Sisolak’s order did not give tenants and homeowners a green light to live for free, nor did it dictate how missed checks would be repaid if people fell behind on their housing payments because of the turmoil.
Taxpayer funds and other financial support have helped prop up the rental market. United Way of Southern Nevada, for instance, has raised nearly $1.9 million, including from the Nevada attorney general’s office, for an emergency assistance fund. The nonprofit group says it has doled out more than $1.4 million for rent and mortgage help.
Susan Marsian-Bolduc, who rents a house in Las Vegas, said she was hired as a Pink Jeep tour guide in early January and furloughed just a few months later as the valley shut down.
She paid April rent with federal stimulus funds, and her employer is paying this month’s rent.
Delgado, the furloughed auditor, said she lives with her husband, their two children and her mother-in-law. Until the pandemic hit, she was the only one working.

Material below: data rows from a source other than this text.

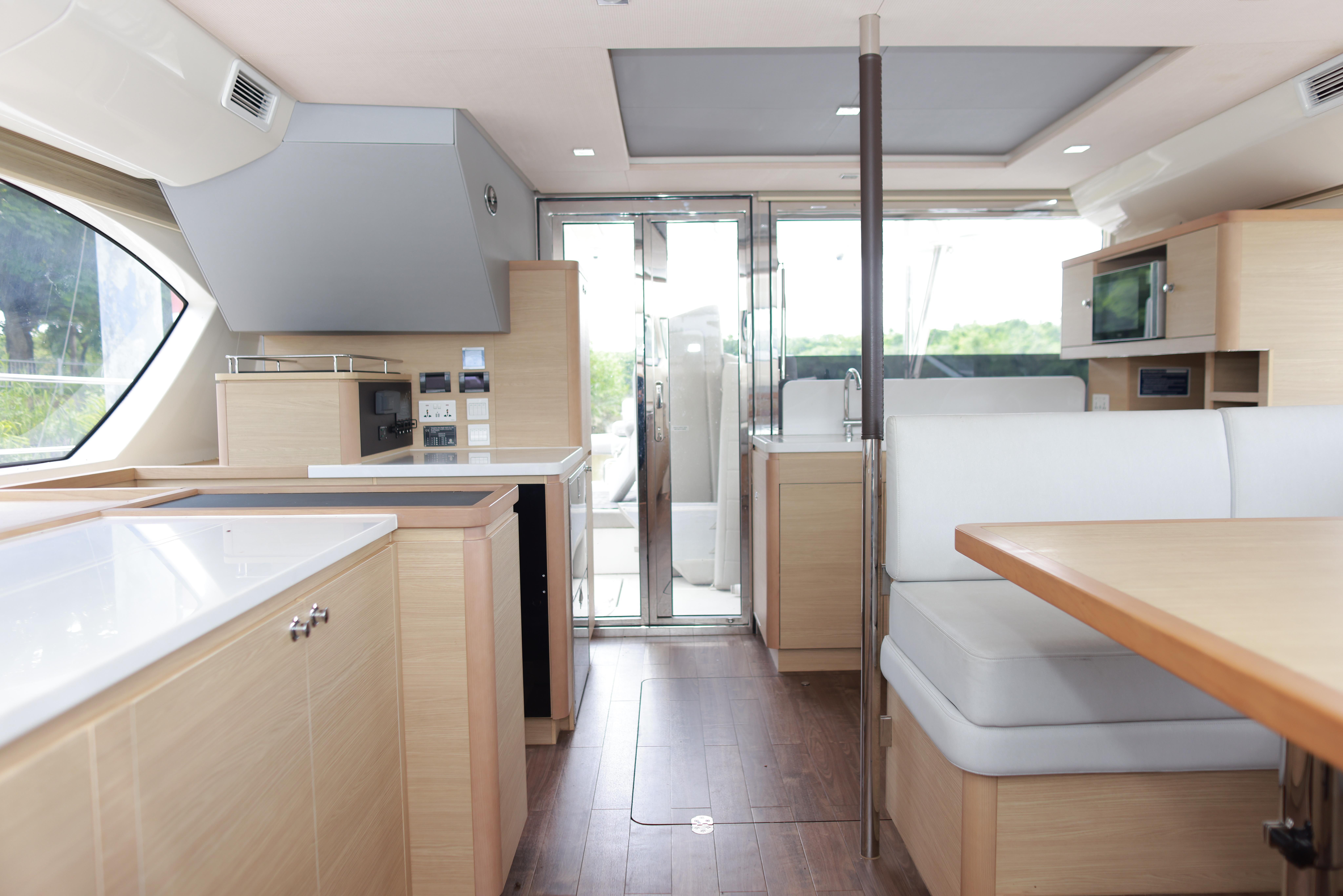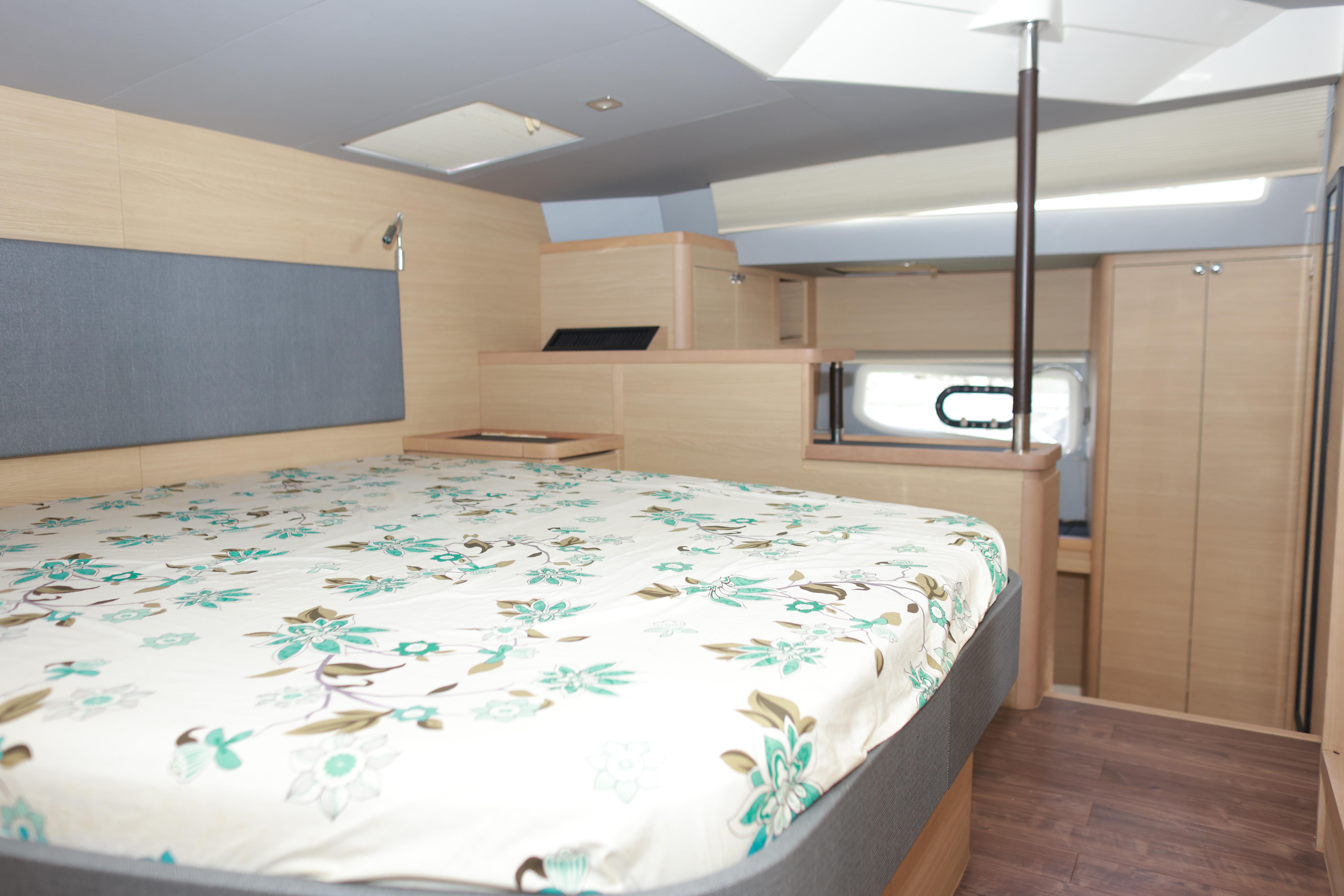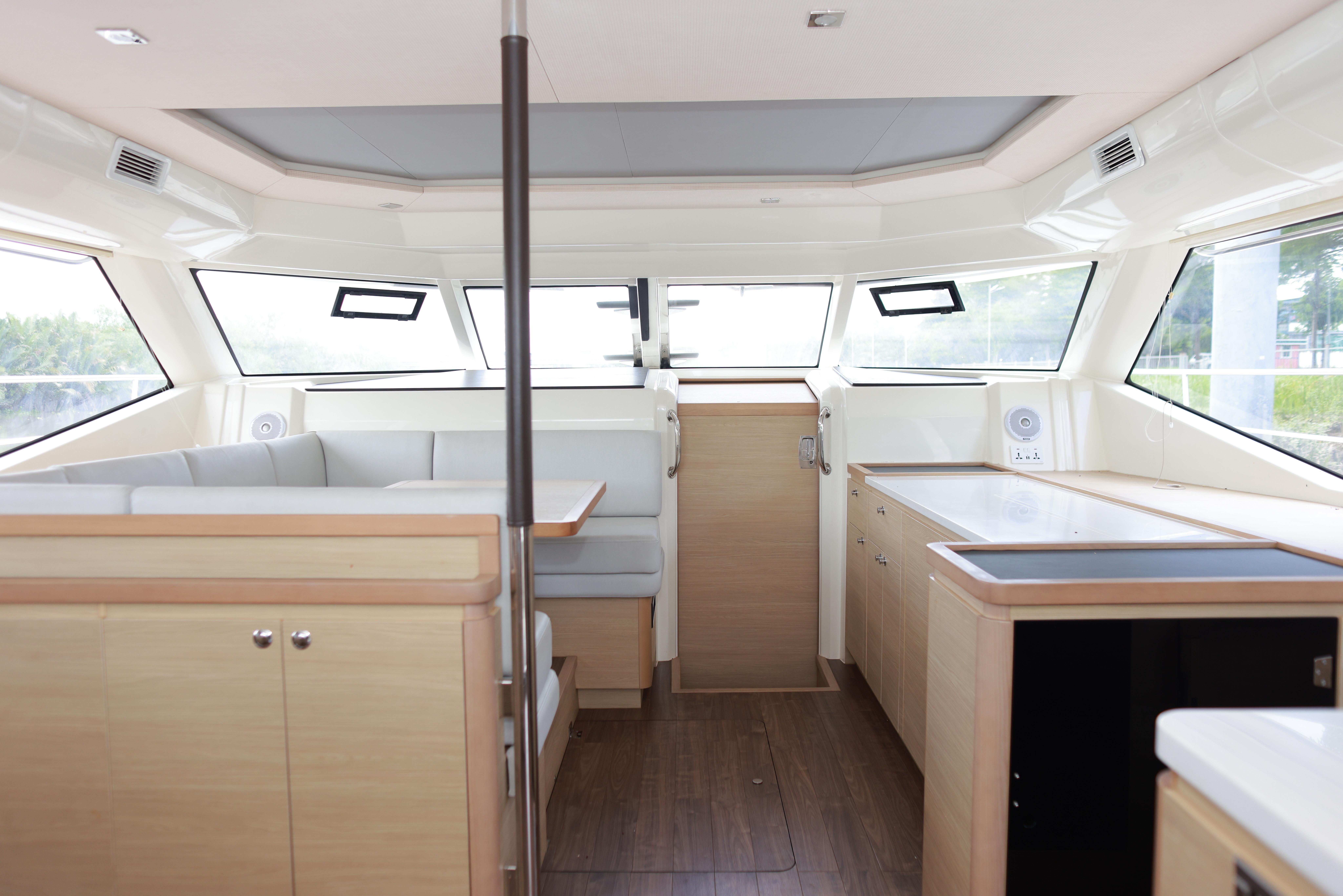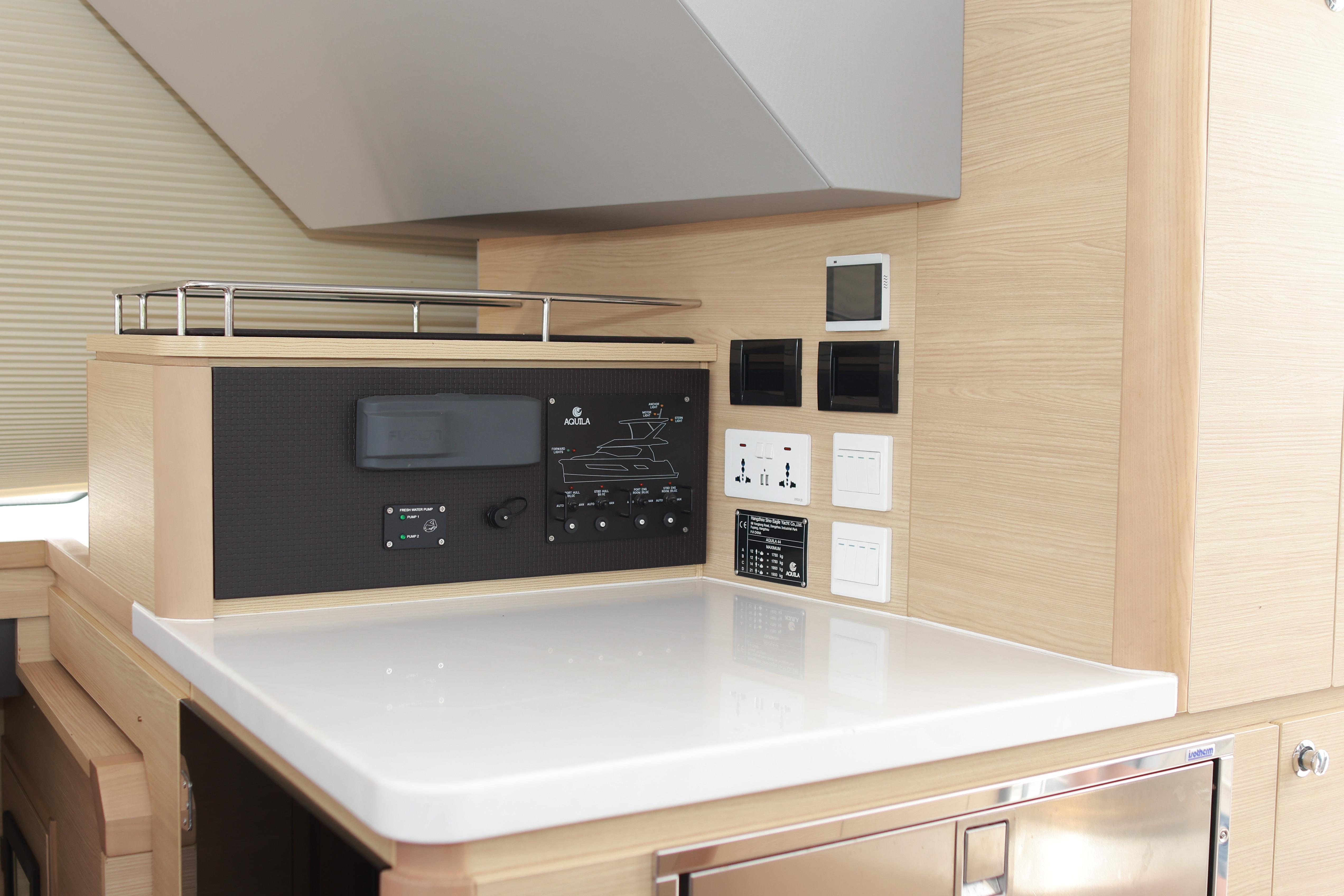 Born of innovation and experience, the luxurious Aquila 44 Yacht Power Catamaran is a world leader in its class. Designed to be both a long distance cruising yacht and a highly social platform, the highly experienced Aquila design and engineering team created the Aquila 44 Yacht to optimize performance. Two Volvo Penta diesels are situated aft behind the living compartments reducing noise and vibrations. Bulbous bows increase the waterline for greater efficiency while reducing pitching moments. Multifunction displays, digital controls, joystick operation, engine monitoring displays, thrusters, and widely spaced main engines make operating the Aquila 44 Yacht easily accomplished by a single couple.With an enormous amount of attention to detail and knowledge of how owners use their boats, both the exterior and interior spaces are perfected to serve those utilizations. The stairway from the flybridge to the foredeck gives safe easy access to the ground tackle locker and forward cleats when anchoring or docking. Wide side decks and safety handrails are another example of the Aquila 44’s commitment to owner’s and guests’ comfort and safety. Available with a 3-cabin layout featuring a salon and galley with 360° views and an extensive flybridge, the layout of the Aquila 44 Yacht makes entertaining a crowd aboard easy. Boarding from the port or starboard swim platforms, guest step up to the aft deck with an al fresco dinette. The window partition between the aft deck and the interior galley lifts and the countertop folds out to create a service bar. The galley is strategically placed between the aft deck and the salon and dinette on the main deck making it easy to serve guest inside and outside. A summer kitchen is centrally located to attend to guests in the aft mounted dinette and those on the flybridge can enjoy panoramic views along with the operator while underway.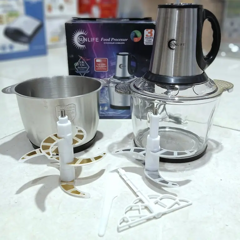 خردکن دو کاسه سان لایف مدل SL-914PLUS دارای موتور 3 سرعته با توان مصرفی 1800 وات و دو کاسه از جنس پیرکس و استیل با ظرفیت 3.3 لیتر میباشد. خردکن SUN LIFE دارای یک تیغه 6 پره استیل طلایی و یک تیغه 4 پره استیل نقره ای ضد زنگ با محافظ تیغه است. از قابلیتهای خردکن سان لایف میتوان به خرد کردن انواع سیب زمینی و پیاز، انواع حبوبات، خشکبار مانند گردو و بادام و پسته، سبزیجات مانند هویچ و فلفل، پروتئینها مانند گوشت مرغ و ماهی و… اشاره کرد. همچنین این خردکن برقی دارای دسته برای جابه جایی، واشر لرزش گیر برای زیر کاسه، شفت فلزی محل اتصال موتور و تیغه، کاردک تمیز کننده و پره مخصوص همزن مواد است.
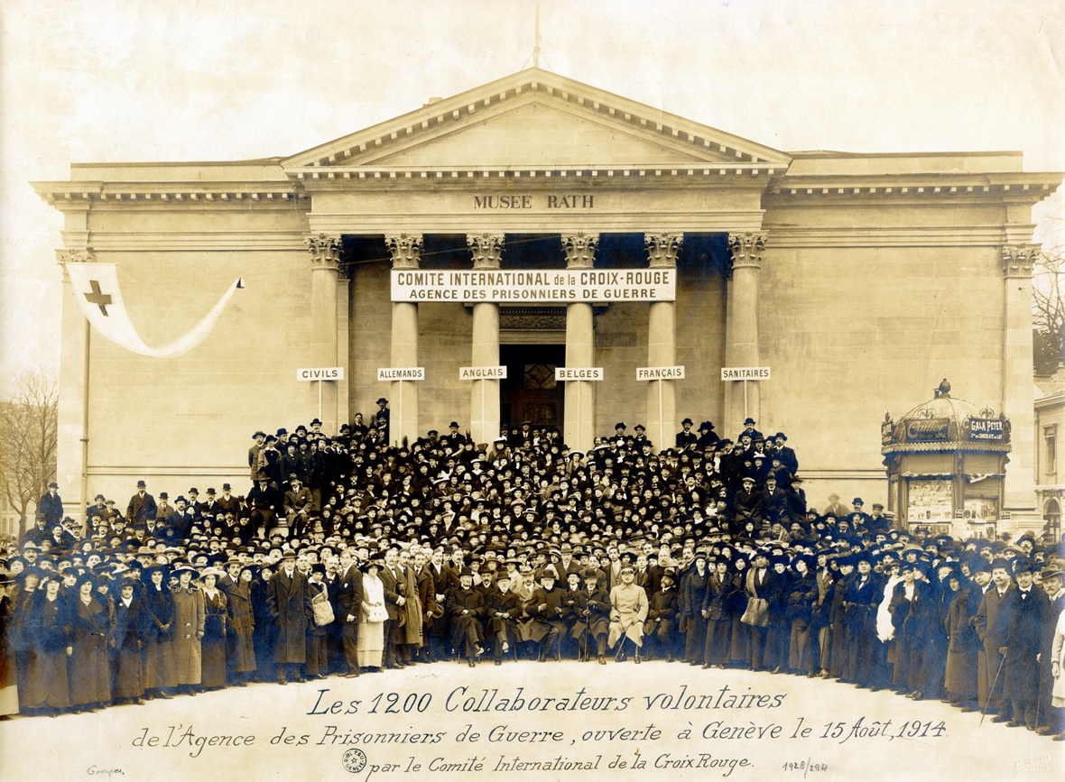 L'Agence internationale des prisonniers de Guerre créée en 1914 sur proposition de Gustave Ador, président de la Croix-Rouge, installée au Musée Rath dès le début de la guerre, a vu travailler 1200 bénévoles pour répertorier plus de quatre millions de fiches de prisonniers et acheminer près de deux millions de colis. Les noms de Genève et de la Croix Rouge rayonnent dans le monde entier.

She paid April rent with savings and federal stimulus funds. She still hadn’t paid May rent as of Thursday.
Delgado described a “maddening” experience trying for weeks to obtain unemployment benefits from the state’s heavily backlogged system, spending three hours a day five days a week on the phone waiting to speak with someone.
She doesn’t know whether her family will face eviction at some point or even homelessness.
“It’s very overwhelming,” she said. “It’s very scary.”